◆ WHAT THE TASK REQUIRES ◆
Every line from the first record below down to the line that includes "上一篇:CHANG DEVELOPMENT INTERNATIONAL" must be reproduced exactly; the pictures are not.

Extracted data entries:
○ ○ ○ ○ ○ ○ ○

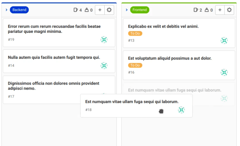 Then, when they're done, all they have to do is drag it to the next list, Backend. Then, a backend developer can eventually pick it up. When they’re done, they move it to Done, to close the issue.
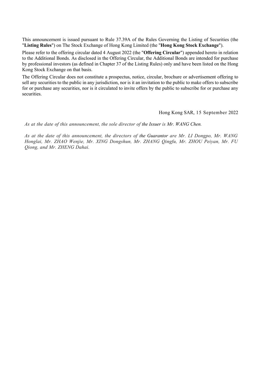 上一篇:CHANG DEVELOPMENT INTERNATIONAL LIMITED CANCEL PART OF THE BOND (CCUDIH 3.9 09/12/2022)
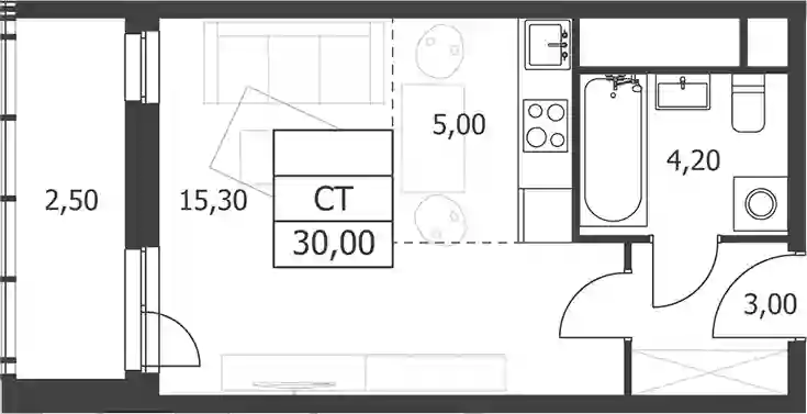 В проекте предлагаются функциональные планировки студий и квартир с 1–3 комнатами площадью от 30 до 77 кв. м. В помещениях установлены увеличенные окна для максимизации естественного света. Высота потолков составляет от 3 до 3,35 м. Доступно 3 варианта отделки: без стен, подчистовая или чистовая, что позволяет выбрать оптимальное решение для будущего жилья.
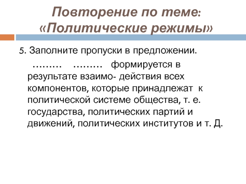 всех компонентов, которые принадлежат к политической системе общества, т. е. государства, политических партий и движений, политических институтов и т. Д.
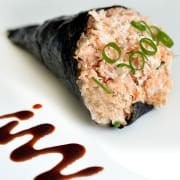 Fatia de Salmão, Bolinha de Arroz e Tartare de Salmão
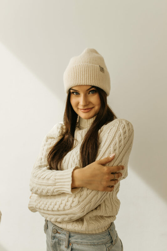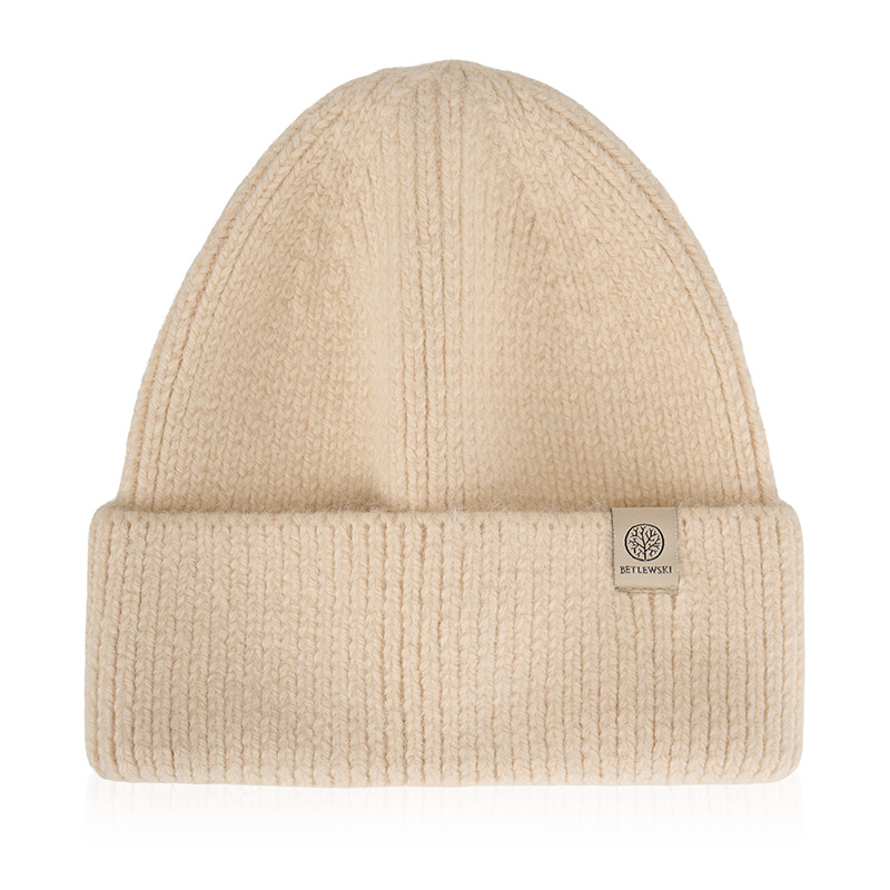 Dodatek angory sprawia, że czapka jest niezwykle miękka, delikatna w dotyku i przyjemna w noszeniu. Wywijany brzeg zapewnia dodatkowe ocieplenie uszu i lepsze dopasowanie, a prążkowana faktura dodaje całości subtelnego charakteru. To praktyczny i stylowy wybór na chłodne, zimowe dni.

○ ○ ○ ○ ○ ○ ○

◆ WRITTEN SOLUTION ◆
 Then, when they're done, all they have to do is drag it to the next list, Backend. Then, a backend developer can eventually pick it up. When they’re done, they move it to Done, to close the issue.
 上一篇:CHANG DEVELOPMENT INTERNATIONAL LIMITED CANCEL PART OF THE BOND (CCUDIH 3.9 09/12/2022)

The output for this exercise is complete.